The first round was just about to begin when an objection was raised by Sarah. As a biologist, she pointed out that technically the mushroom was not a vegetable as it does not belong to the plant kingdom, but is a fungus. This raised an intense furore and a heated debate was battled out largely between Brian and Mike as to whether the mushroom was a vegetable. The matter was settled by a pre-election poll in which the mushroom was declared not a vegetable.
And so campaigning began. Complaints were raised by Kate on Mike's electioneering tactics when she discovered that he had been visiting other Yahoo Groups and persuading people to come and join pooclub and vote for his chosen vegetable. Mike dismissed these allegations as a smear campaign, maintaining that he was engaged in perfectly legitimate canvassing, and that recruiting more members was only for the good of pooclub anyway.

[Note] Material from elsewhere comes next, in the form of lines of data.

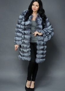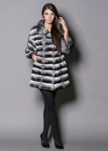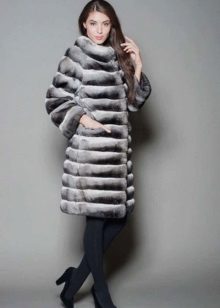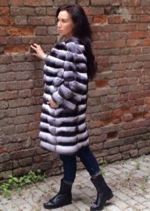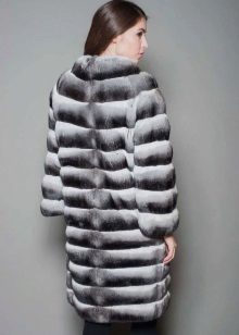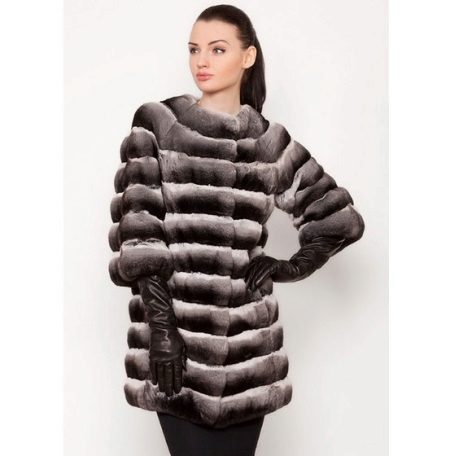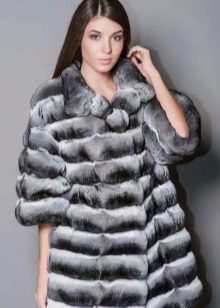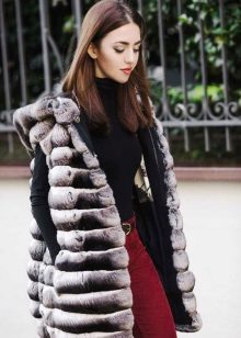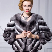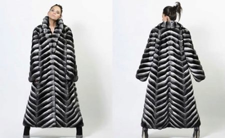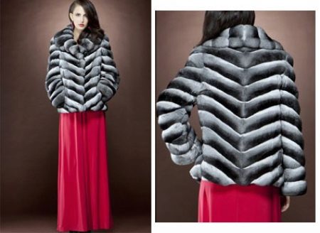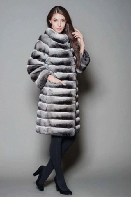 Usually, a chinchilla coat has a simple style, as it can better reveal the beauty of the fur color palette. Chinchilla has a smooth transition from black or blue with a pearl shimmer to white. Designers use this feature and often stitch the skins along, creating luxurious stripes.
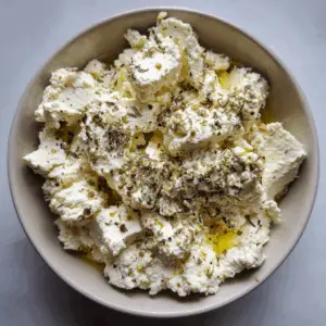 For marinated feta: Form small cubes or chunks with a spoon, and submerge them in a jar with olive oil, oregano, garlic, and chili flakes for a homemade marinated feta vibe.
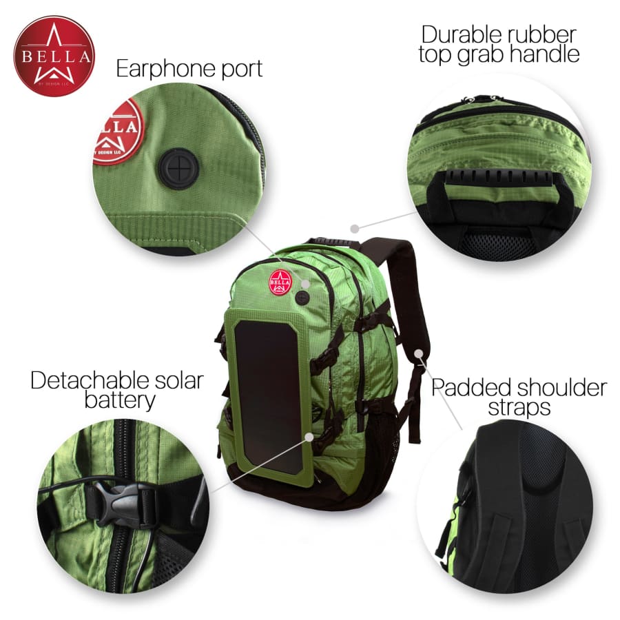 ⛳ STYLISH: Stylish in light green color laptop backpack solar electricity 40L (10.5 gallons) with detachable water resistant sun cells with 6 Watts of strength capacity and excessive performance and a ten thousand mAh strength financial institution to store energy for consumption later of your smartphones drugs and greater. Frustrating from cellular phones dying no more so long as you carry this powerful sun and fashionable solar backpack from Bellabydesignllc. This removable solar backpack comes with a 6.5W water resistant sun powered solar panel protected with a 10000mAh for your convenient and three compartments to your laptop and many other things strength via solar.

Organisers of this year's election are hoping for no repetition of the problems that beset last year's campaign. Pooclub's patron Carol Vorderman has asked that members only nominate real vegetables and keep campaigning clean. "There's absolutely no need at all for the mud slinging and underhanded activities of 2001," she explained in a press conference this morning, "and anyone who transgresses the elections regulations will be put across my knee."